DATASET CONTENT:
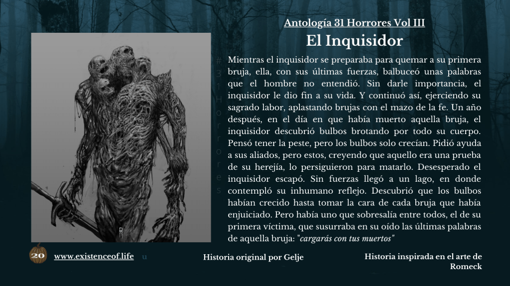 Mientras el inquisidor se preparaba para quemar a su primera bruja, ella, con sus últimas fuerzas, balbuceó unas palabras que el hombre no entendió. Sin darle importancia, el inquisidor le dio fin a su vida. Y continuó así, ejerciendo su sagrado labor, aplastando brujas con el mazo de la fe. Un año después, en el día en que había muerto aquella bruja, el inquisidor descubrió bulbos brotando por todo su cuerpo. Pensó tener la peste, pero los bulbos solo crecían. Pidió ayuda a sus aliados, pero estos, creyendo que aquello era una prueba de su herejía, lo persiguieron para matarlo. Desesperado el inquisidor escapó. Sin fuerzas llegó a un lago, en donde contempló su inhumano reflejo. Descubrió que los bulbos habían crecido hasta tomar la cara de cada bruja que había enjuiciado. Pero había uno que sobresalía entre todos, el de su primera víctima, que susurraba en su oído las últimas palabras de aquella bruja: «cargarás con tus muertos»
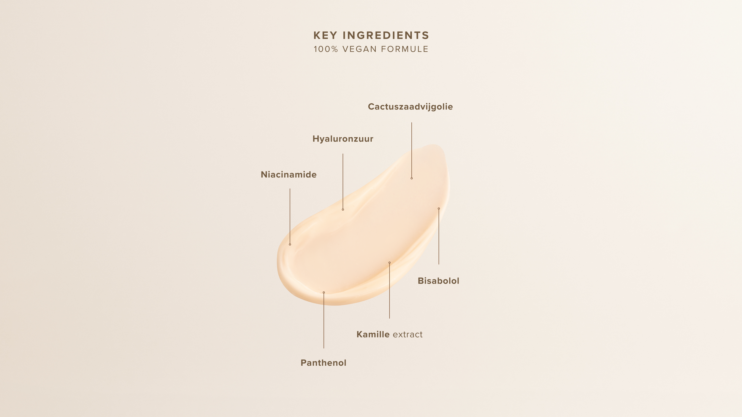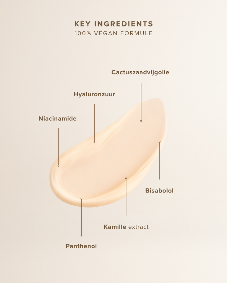 De toevoeging van bisabolol zorgt voor een ontstekingsremmend effect dat puistjes helpt voorkomen en cactuszaad vijgenolie (een zeldzame olie die wél geschikt is voor de vette huid) werkt als krachtige antioxidant én talgregulator. Samen vormen ze de perfecte balans voor een zuivere, egale en gladde huid.
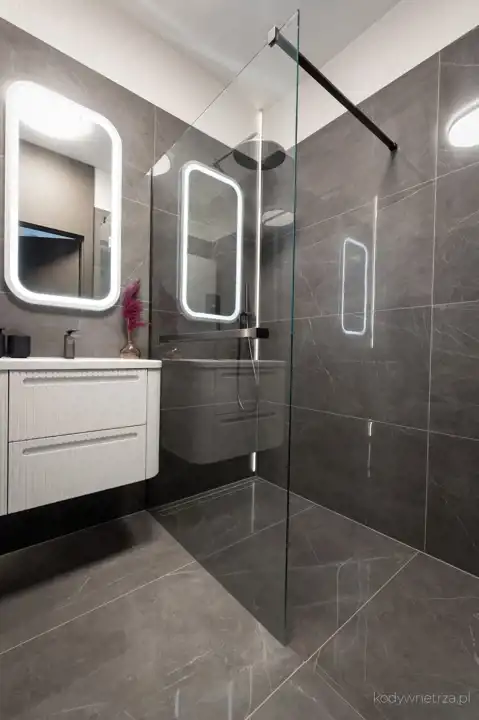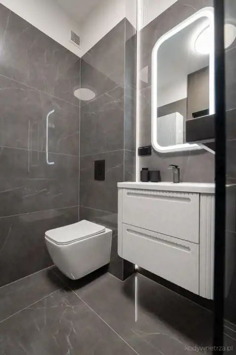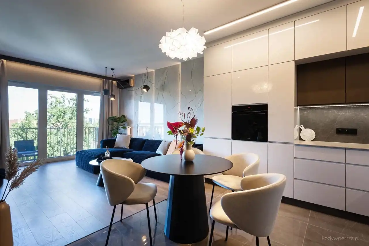 - Z przestronnego salonu połączonego z aneksem kuchennym, który tworzy elegancką harmonijną strefę dzienną - wyróżnia go - duży designerski narożnik, stylowe oświetlenie sufitowe i punktowe, piękne wykończenie ściany z motywem marmuru, a panoramiczne okna zapewniające naturalne światło z wyjściem na balkon, jako idealne miejsce na poranną kawę czy relaks wieczorem.
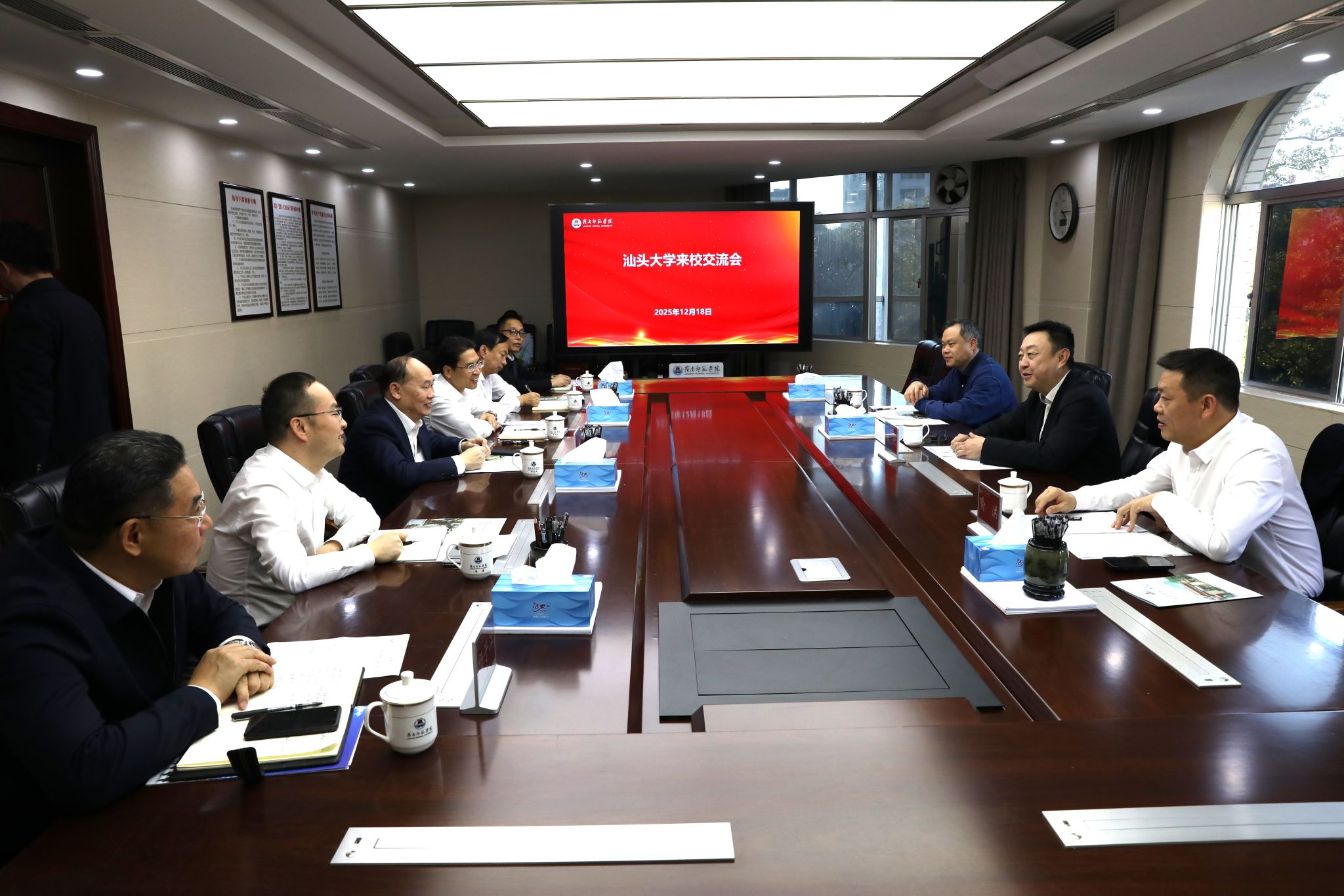 阳爱民表示,汕头大学作为粤东高等教育的标杆,在党建创新、人才培养、学科建设等方面积累了诸多宝贵经验,一直是我们学习的榜样。此次唐锐书记一行专程而来,聚焦党建业务融合、年轻干部培养、“十五五”规划等关键课题传经送宝,希望能学习到汕头大学更多办学经验,进一步打通交流渠道、深化合作共识,在党建共建、人才互访、资源共享等方面凝聚更多合力,共同书写粤东粤西高等教育协同发展新篇章。

WHAT THE TASK REQUIRES: Aside from the pictures, repeat the listing exactly.

EXERCISE RESULT:
 Mientras el inquisidor se preparaba para quemar a su primera bruja, ella, con sus últimas fuerzas, balbuceó unas palabras que el hombre no entendió. Sin darle importancia, el inquisidor le dio fin a su vida. Y continuó así, ejerciendo su sagrado labor, aplastando brujas con el mazo de la fe. Un año después, en el día en que había muerto aquella bruja, el inquisidor descubrió bulbos brotando por todo su cuerpo. Pensó tener la peste, pero los bulbos solo crecían. Pidió ayuda a sus aliados, pero estos, creyendo que aquello era una prueba de su herejía, lo persiguieron para matarlo. Desesperado el inquisidor escapó. Sin fuerzas llegó a un lago, en donde contempló su inhumano reflejo. Descubrió que los bulbos habían crecido hasta tomar la cara de cada bruja que había enjuiciado. Pero había uno que sobresalía entre todos, el de su primera víctima, que susurraba en su oído las últimas palabras de aquella bruja: «cargarás con tus muertos»
 De toevoeging van bisabolol zorgt voor een ontstekingsremmend effect dat puistjes helpt voorkomen en cactuszaad vijgenolie (een zeldzame olie die wél geschikt is voor de vette huid) werkt als krachtige antioxidant én talgregulator. Samen vormen ze de perfecte balans voor een zuivere, egale en gladde huid.
 - Z przestronnego salonu połączonego z aneksem kuchennym, który tworzy elegancką harmonijną strefę dzienną - wyróżnia go - duży designerski narożnik, stylowe oświetlenie sufitowe i punktowe, piękne wykończenie ściany z motywem marmuru, a panoramiczne okna zapewniające naturalne światło z wyjściem na balkon, jako idealne miejsce na poranną kawę czy relaks wieczorem.
 阳爱民表示,汕头大学作为粤东高等教育的标杆,在党建创新、人才培养、学科建设等方面积累了诸多宝贵经验,一直是我们学习的榜样。此次唐锐书记一行专程而来,聚焦党建业务融合、年轻干部培养、“十五五”规划等关键课题传经送宝,希望能学习到汕头大学更多办学经验,进一步打通交流渠道、深化合作共识,在党建共建、人才互访、资源共享等方面凝聚更多合力,共同书写粤东粤西高等教育协同发展新篇章。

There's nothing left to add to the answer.